Coalition: When a rose by the same name smells different Morgan Tsvangirai

Nathaniel Manheru: The Other Side
Happy New Year, gentle readers! Well, a New Year in the Gregorian sense of movement of time. But certainly just another day, another time, in other cultures free from the bane of Western religion and outlook. Including our own before the coming of the white man. Then time was concretely lived and reckoned with in terms of human experience, whether for better or for worse, in happiness or in tragedy. Gore rehwiza (year of the locusts), gore refuruwenza (year of the influenza). Or simply gore riyazve ndiine nhumbu yemumvana wangu uyu Marwei (that year my womb carried my elder daughter Marwei). Oh those beautiful days when time meant so much, was a collective or personal memory bank, yes, a compendium of a people’s lived history and experience.

Not the current frenetic linear race towards an ineluctable destiny. A tragedy. A tick-tock countdown to oblivion. A drift towards one’s end. A reminder of lost perfection, of punitive mortality and incompleteness. And in our case, another countdown to the next harmonized elections, with all the anxieties, tensions, the grief, disappointment and selective happiness that these bring and deliver to loser and victor respectively. Haa, this fretful, linear life!

Reissuing sibling wishes
Which gets me to the subject matter of the year that has just begun. I mean the hype around opposition coalition which began some time late last year. Looking in the crystal ball, clearly that same story — dead in the water as it might be — will continue to loom large, assail our reading eyes even, empty though it has always been. Alongside, of course, its sibling fable of factional fights in the ruling party. Both pseudo-themes amounting to double-barrelled wishes: the one for the elusive but yearned-for electoral upset; the other for a wished-for but unreal division as would make the ruling party vulnerable electorally.

Seen that way, the two seemingly separate themes thus meld into one, judged of course by the overriding end-wish. And precious reader dollars will continue to be spent on the same headline, on the same static story, only sensationally re-worded. Same facts, same cast, same editorial malice, same conclusion. Only on different, yet consecutive days. Cry the beloved craft!
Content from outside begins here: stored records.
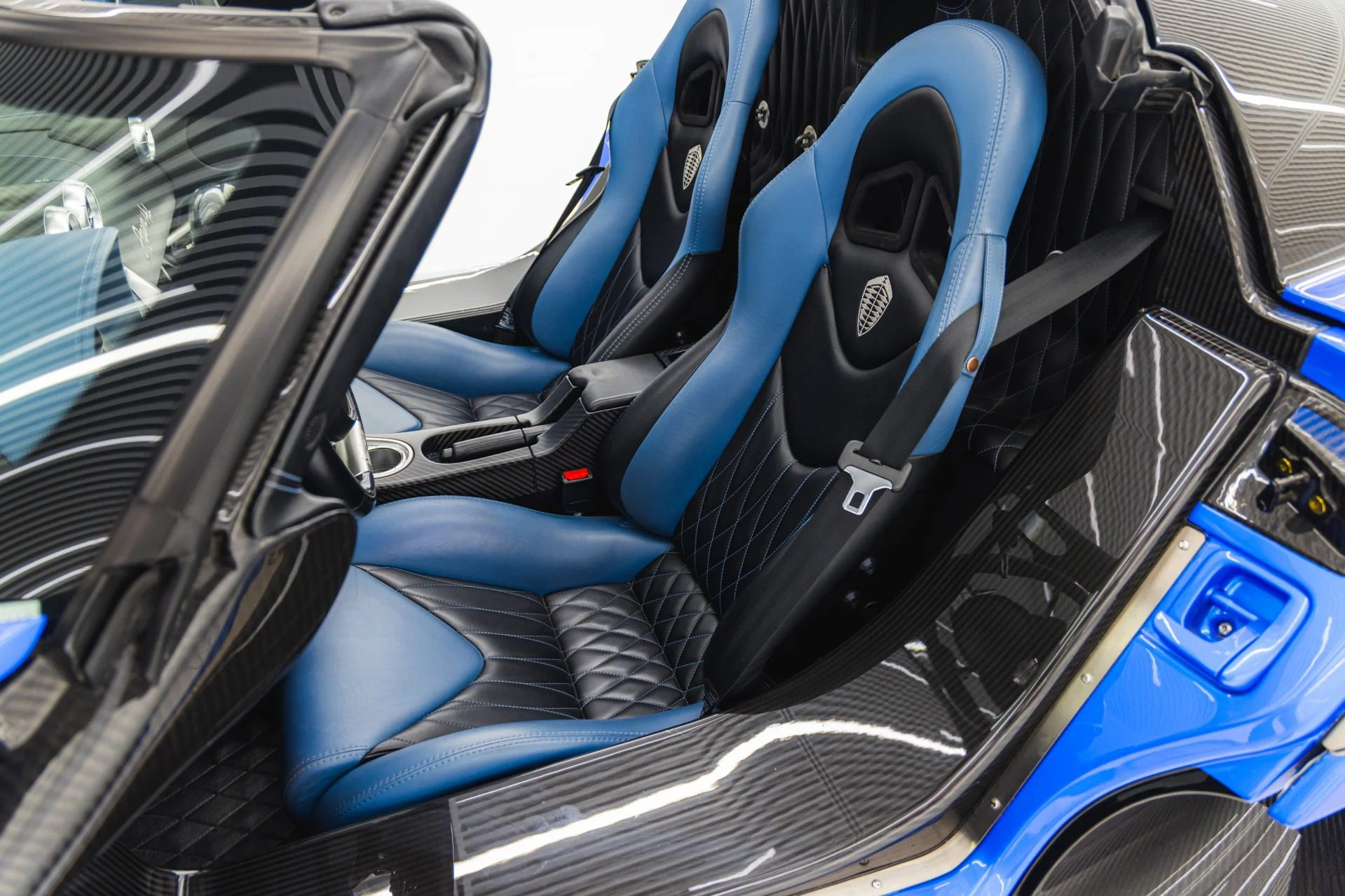 Ghế ngồi của xe được chế tác từ sợi carbon, bọc da cao cấp 2 tông màu đen và xanh. Phần mui bằng sợi carbon có thể tháo rời và cất giữ ở khoang hành lý phía trước.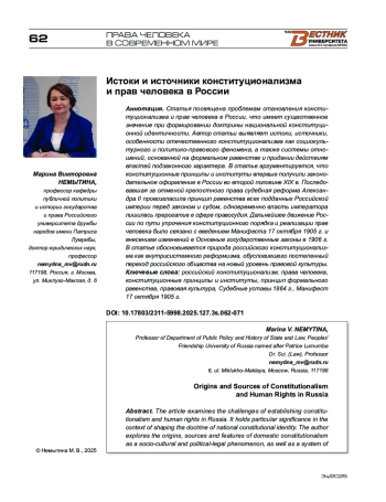 Статья посвящена проблемам становления конституционализма и прав человека в России, что имеет существенное значение при формировании доктрины национальной конституционной идентичности. Автор статьи выявляет истоки, источники, особенности отечественного конституционализма как социокультурного и политико-правового феномена, а также системы отношений, основанной на формальном равенстве и придании действиям властей подзаконного характера. В статье аргументируется, что конституционные принципы и институты впервые получили законодательное оформление в России во второй половине ХIХ в. Последовавшая за отменой крепостного права судебная реформа Александра II провозгласила принцип равенства всех подданных Российской империи перед законом и судом, одновременно власть императора лишилась прерогатив в сфере правосудия. Дальнейшее движение России по пути упрочения конституционного порядка и реализации прав человека было связано с введением Манифеста 17 октября 1905 г. и внесением изменений в Основные государственные законы в 1906 г. В статье обосновывается природа российского конституционализма как внутрисистемного реформизма, обусловившего постепенный переход российского общества на новый уровень правовой культуры.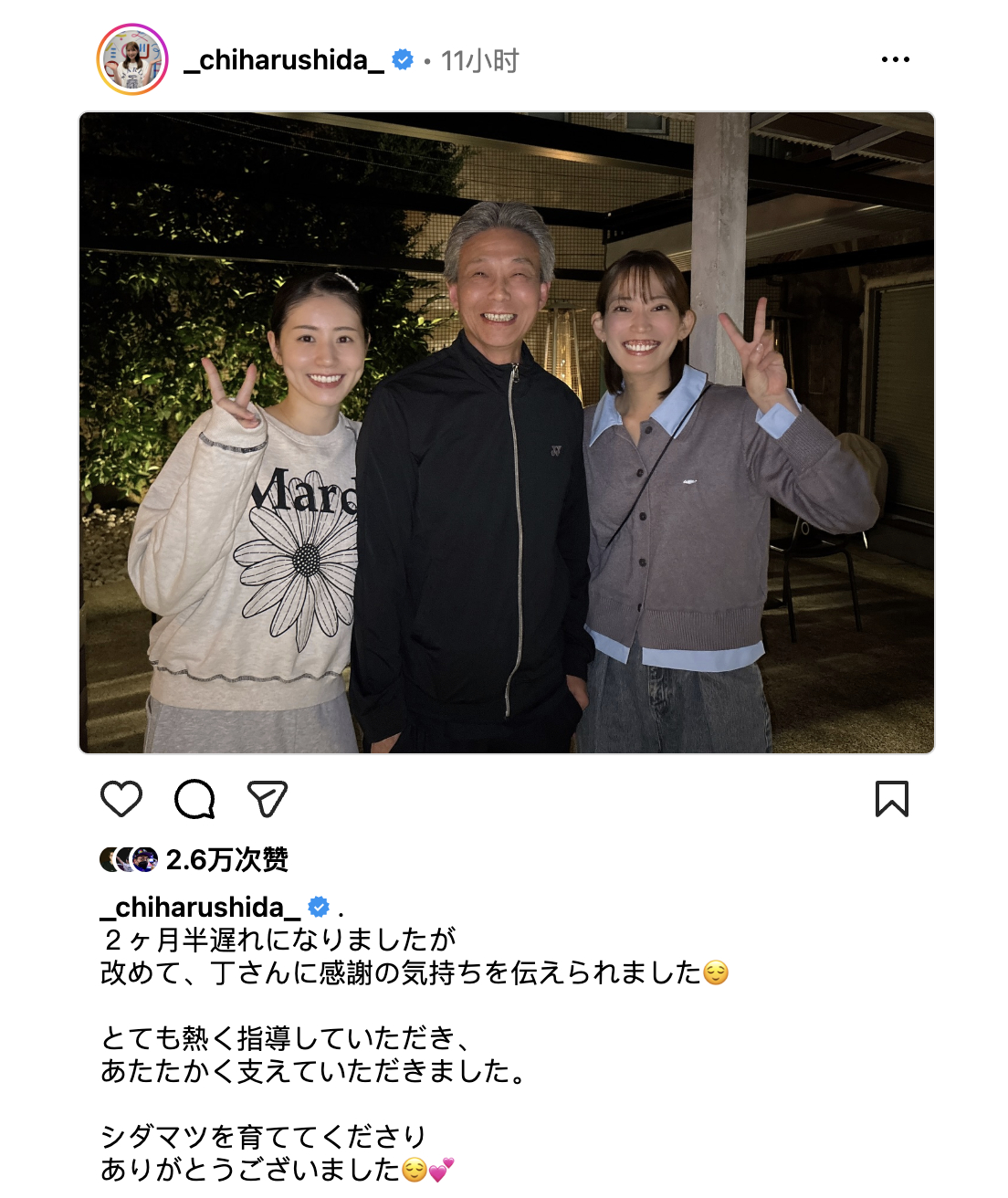 志田千阳发文感谢丁其庆:虽然晚了两个半月,但总算能再次向丁先生表达我的感激之情😌你一直给予我热忱的指导,也始终用温暖支持着我。感谢您培养了山羊组合。😌💕

Where hard reality always reasserts
Except no fake news, faked headlines, ever stopped hard reality in the middle of its irrevocable march. No, hard reality slowly slouches, slouches, walks slovenly towards Bethlehem! Did we not see it in the year that’s just gone by? One I(E)(A)van Mawarire still drove to a halt, however doting, however frenetic, the editorial push for him was. To be replaced by young Dzamara, now quietly wiping a tear or two under a roof that the goodly Temba Mliswa built and availed.

Temba Mliswa

Temba Mliswa

Worn and spent, bitterly coming to terms with the fact of politics: always dirty, always hard and draining to beings of tender constitution. As for Advocate Mahere, pity the tender girl! She knew early enough, knew well before her tender face got wrinkled, that the better part of valour was the law. Speedily, she quit that grief-filled stage, to redirect her ardour in what she does best: practising the law. Politics amounted to the gravamen, the part that weighed most heavily against her capabilities. She has since limbed back towards a tender target: extortionate banks.

Advocate Mahere

Advocate Mahere

There she has my support, all of it, and deserves mightily of her fellow countrymen and women, so shaven and shorn by these institutions of “shylockian” usury. Meanwhile, unmindful of all such ins, such outs; such ups, such downs, reality marches on, on and on . . . and still does, until the village woman catches another pregnancy, and another daughter is born!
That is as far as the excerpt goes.